Calder-Travis Joshua, Bogacz Rafal, Yeung Nick
Department of Experimental Psychology, University of Oxford, UK.
MRC Brain Network Dynamics Unit, Nuffield Department of Clinical Neuroscience, University of Oxford, UK.
J Math Psychol. 2023 Dec;117:102815. doi: 10.1016/j.jmp.2023.102815.
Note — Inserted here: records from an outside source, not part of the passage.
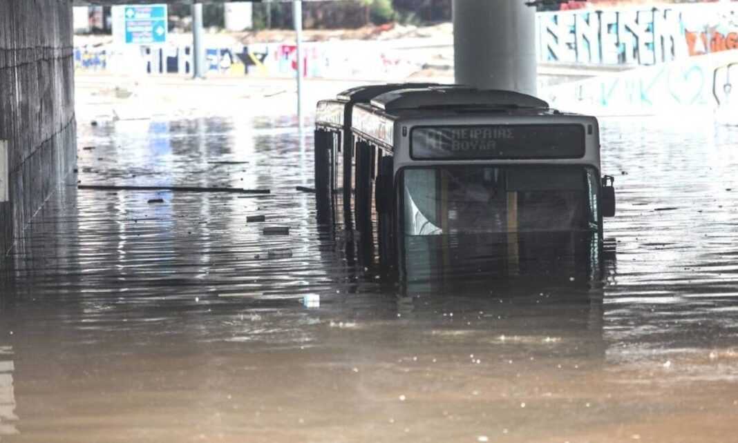 Ενδεικτική είναι η εικόνα που κυκλοφορεί τις τελευταίες ώρες στο Twitter και έχει γίνει viral, με ένα λεωφορείο να είναι σχεδόν εξ ολοκλήρου εξαφανισμένο μέσα στο νερό…
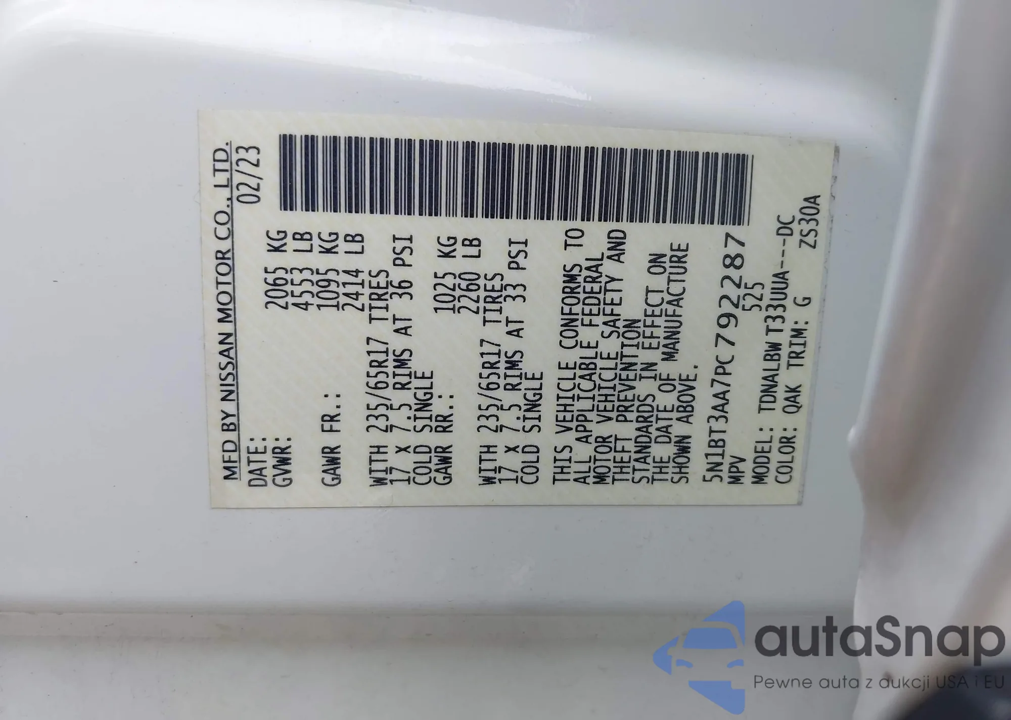 VIN: 5N1BT3AA7PC792287
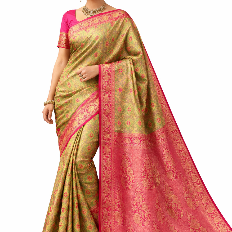 Mehndi Green Kanjivaram Silk Banarasi Saree with Rani Pink Zari Border & Pallu
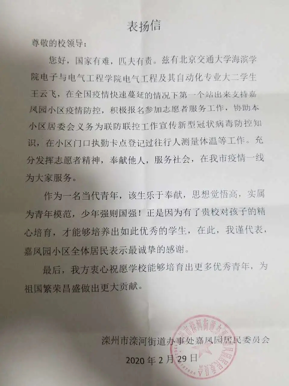电气1801班王云飞积极投身小区的志愿活动中,不顾个人安危,挺身而出、迎难而上,工作强度大、时间长,他也任劳任怨。他用自己的行动展现了当代大学生的青春力量。王云飞表示,白衣天使在前线安心救扶,我等也要在后方尽心守护。我校收到嘉风园居民委员会发来的表扬信,信中对王云飞同学在抗击疫情期间的无私付出表示感谢。
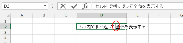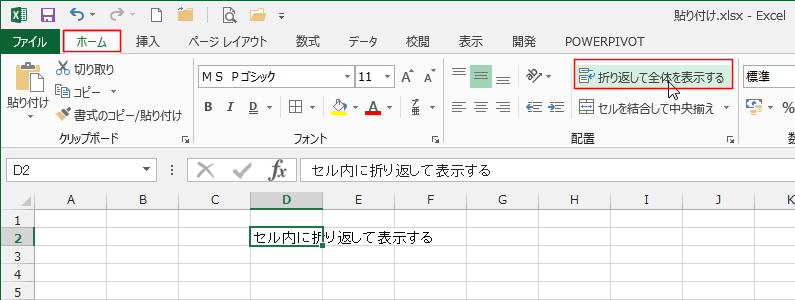 - [ホーム]タブの配置グループにある[折り返して全体を表示する]をクリックします。
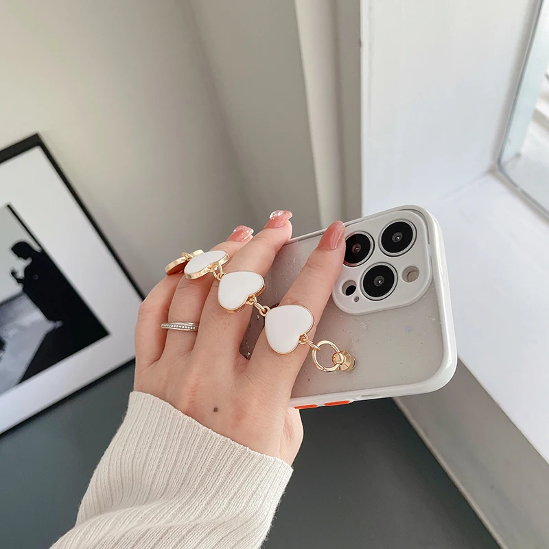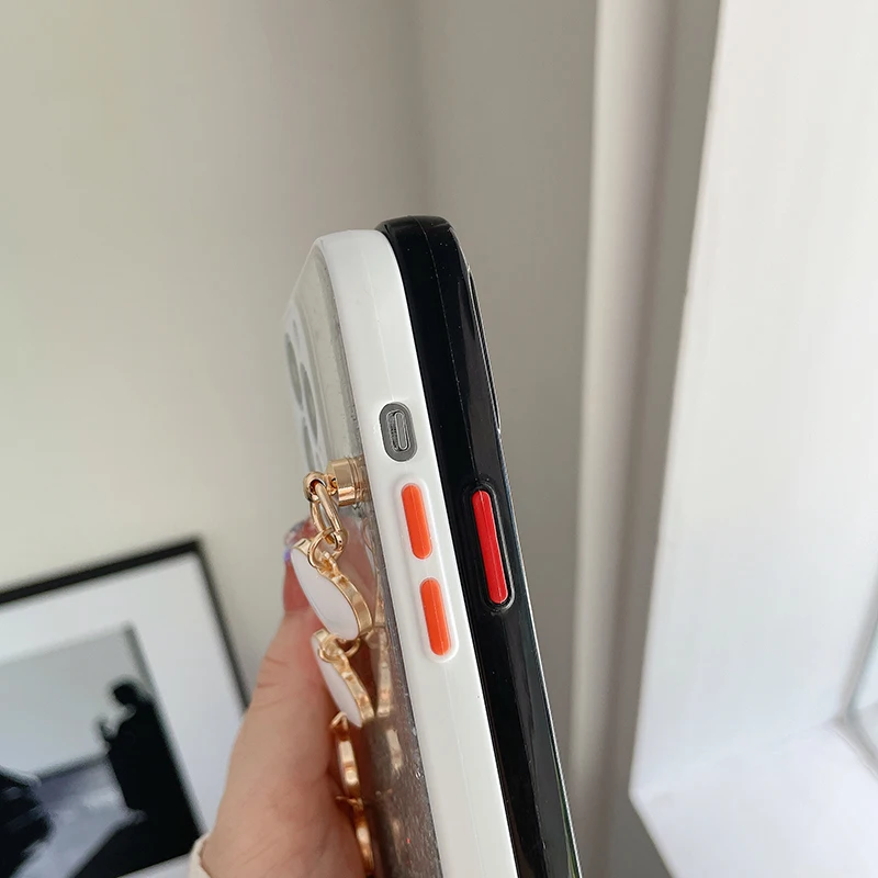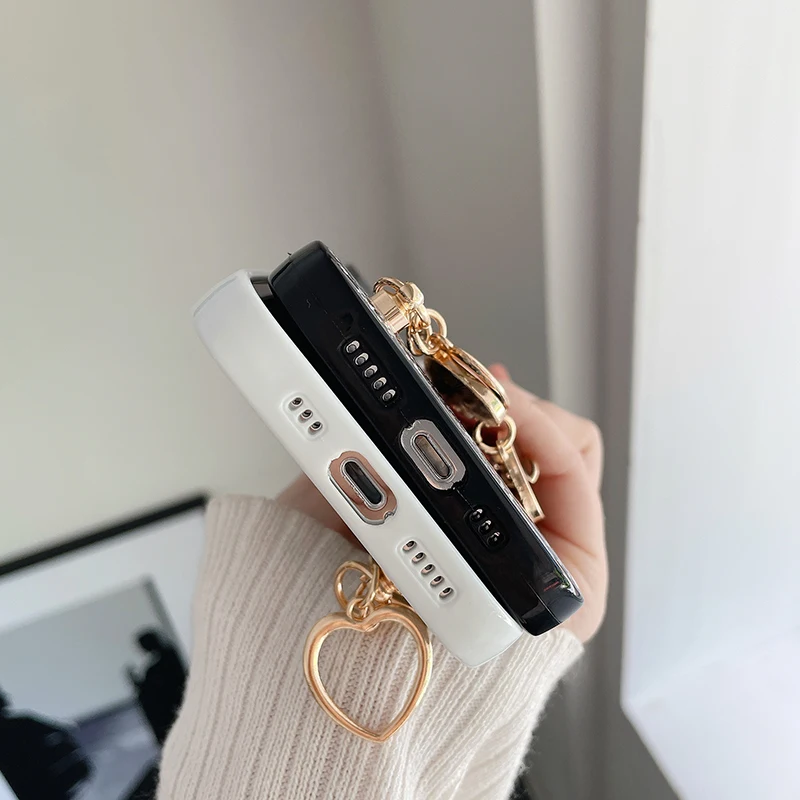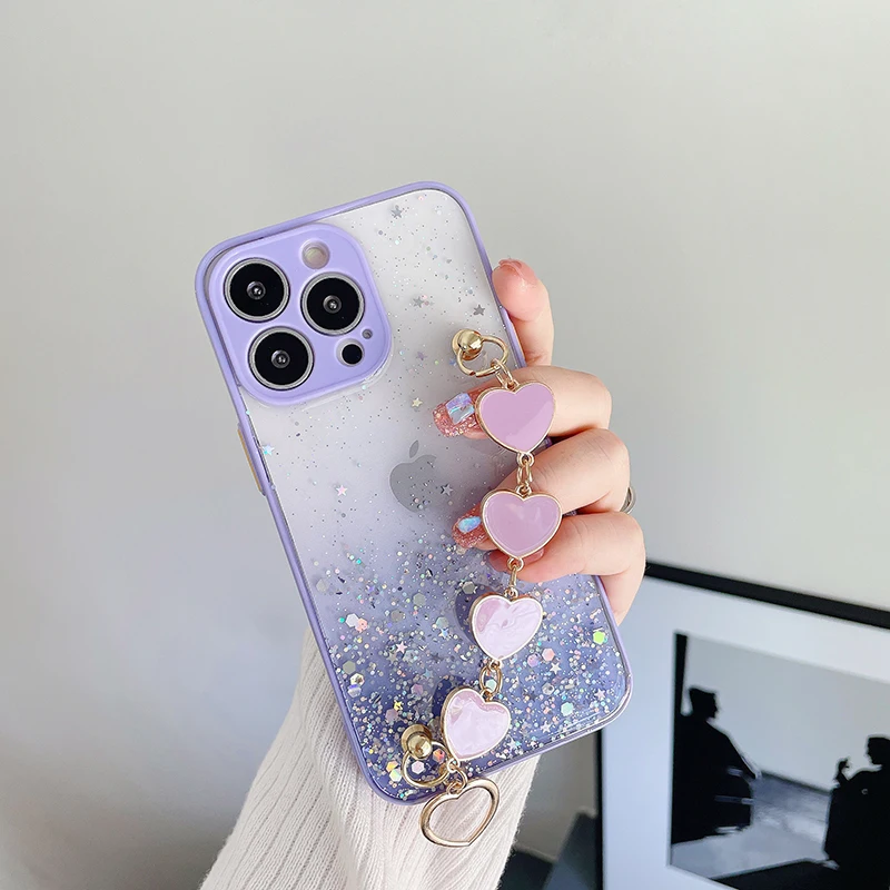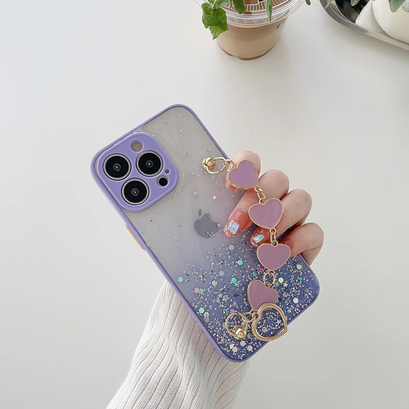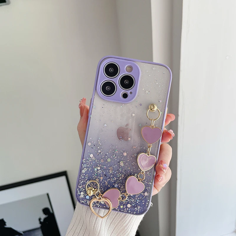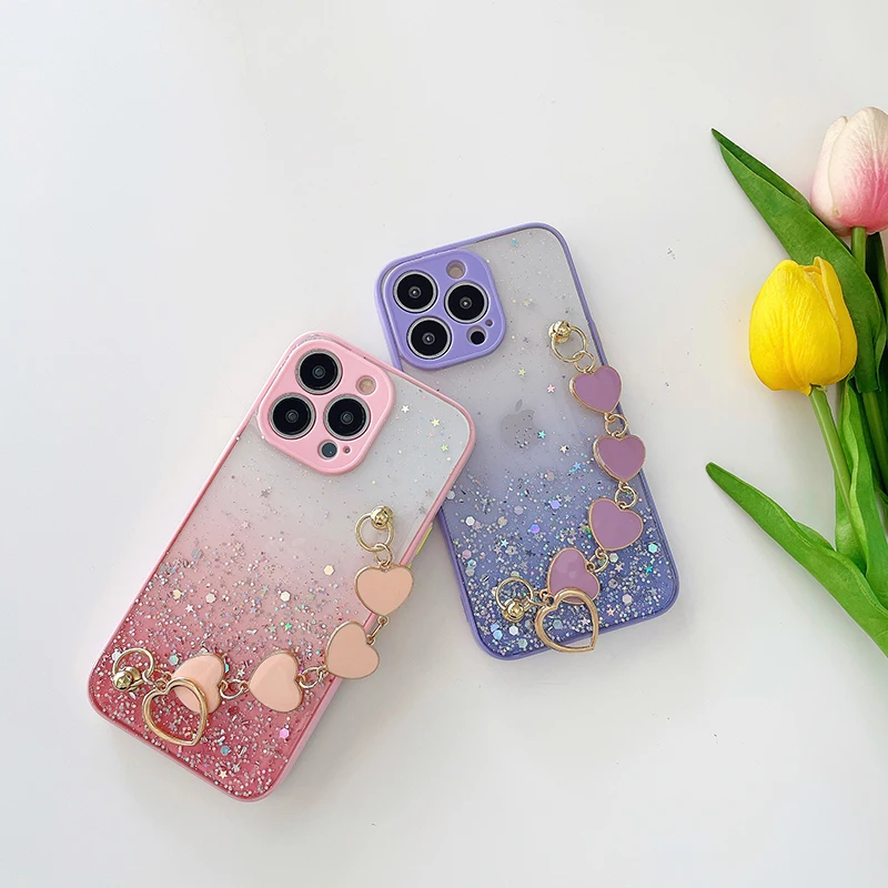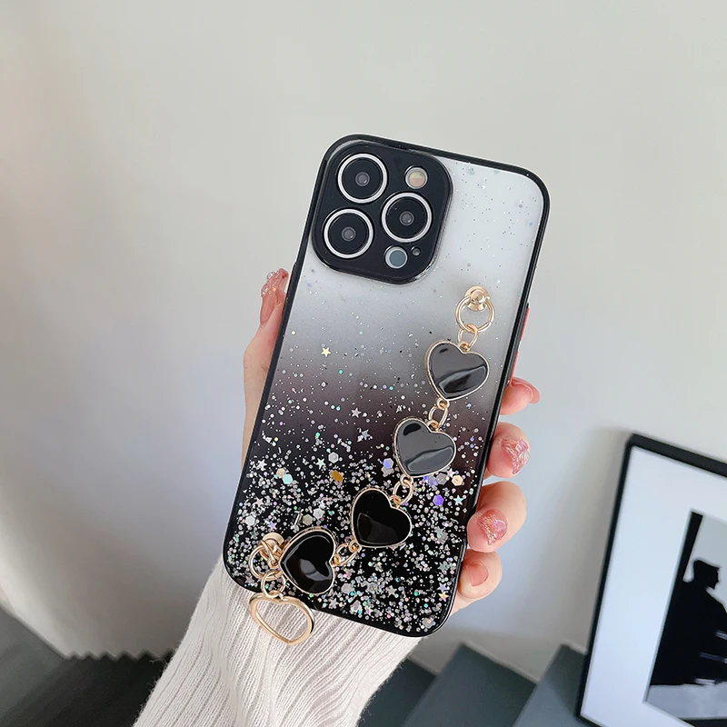 Funda de teléfono con pulsera de corazón de amor brillante de lujo para iPhone 13 11 Pro Max XR XS 7 8 Plus SE2 12Mini Cadena de muñeca funda de silicona ostentosa

We introduce a new approach to modelling decision confidence, with the aim of enabling computationally cheap predictions while taking into account, and thereby exploiting, trial-by-trial variability in stochastically fluctuating stimuli. Using the framework of the drift diffusion model of decision making, along with time-dependent thresholds and the idea of a Bayesian confidence readout, we derive expressions for the probability distribution over confidence reports. In line with current models of confidence, the derivations allow for the accumulation of "pipeline" evidence that has been received but not processed by the time of response, the effect of drift rate variability, and metacognitive noise. The expressions are valid for stimuli that change over the course of a trial with normally-distributed fluctuations in the evidence they provide. A number of approximations are made to arrive at the final expressions, and we test all approximations via simulation. The derived expressions contain only a small number of standard functions, and require evaluating only once per trial, making trial-by-trial modelling of confidence data in stochastically fluctuating stimuli tasks more feasible. We conclude by using the expressions to gain insight into the confidence of optimal observers, and empirically observed patterns.
我们引入了一种新的决策信心建模方法,目的是在考虑并利用随机波动刺激中逐次试验的变异性的同时,实现计算成本低廉的预测。利用决策的漂移扩散模型框架,结合随时间变化的阈值和贝叶斯信心读出的概念,我们推导出了信心报告概率分布的表达式。与当前的信心模型一致,这些推导考虑了在做出反应时已接收但未处理的“管道”证据的积累、漂移率变异性的影响以及元认知噪声。这些表达式适用于在试验过程中随其提供的证据的正态分布波动而变化的刺激。为了得到最终表达式,我们进行了一些近似,并通过模拟测试了所有近似。推导得出的表达式只包含少量标准函数,并且每次试验只需评估一次,这使得在随机波动刺激任务中对信心数据进行逐次试验建模更加可行。我们通过使用这些表达式来深入了解最优观察者的信心以及实证观察到的模式来得出结论。